Tuesday, October 20, 2015

Leafing through North America's Wild (Pacific) Edge

I just received my own copy of The Wild Edge: Freedom to Roam the Pacific Coast, a gorgeous coffee-table book (that really is much more than a coffee-table book). The publisher Braided River calls it a photographic campaign for conservation, which is apt.


I was asked to contribute profiles of a dozen heroes of conservation for the book--a great experience. (I did most of the interviews by phone--for example, with a whale scientist in his office in Cabo San Lucas and, by satellite phone, with a Canadian activist in his boat off the coast of British Columbia's Great Bear Rainforest). The lead essays by Bruce Barcott, Philippe Cousteau, Eric Scigliano and others are excellent, compellingly spelling out the need for coast-wide conservation and lyrically describing all the ways the ocean, shoreline, and continent's edge from Baja to the Arctic are inextricably interconnected.

I mean, how could it not be?

This book is not only a great consciousness-raiser but pleasure to read and peruse.

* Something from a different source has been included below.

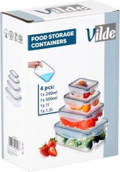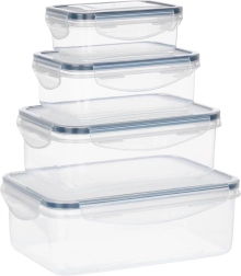 Sada obdĺžnikových dóz s objemami 1,5 l, 1 l, 500 ml a 240 ml zaistí poriadok v kuchyni aj chladničke. Priehľadné steny umožňujú rýchlu kontrolu obsahu bez otvárania a kompaktný tvar šetrí miesto pri skladovaní aj stohovaní.

People interested in the Oregon Coast Trail, people who love the Oregon Coast, ought to check out The Wild Edge. The publishers have developed a beautiful website to support it, at thewildedge.org.

And if you're in the area, North Coast Land Conservancy is throwing a book-release party and celebration of coastal conservation at the Red Building in Astoria this Friday, Oct. 23.

1 comment:

  1. With photography by Florian Schulz it has to be visually stunning as well!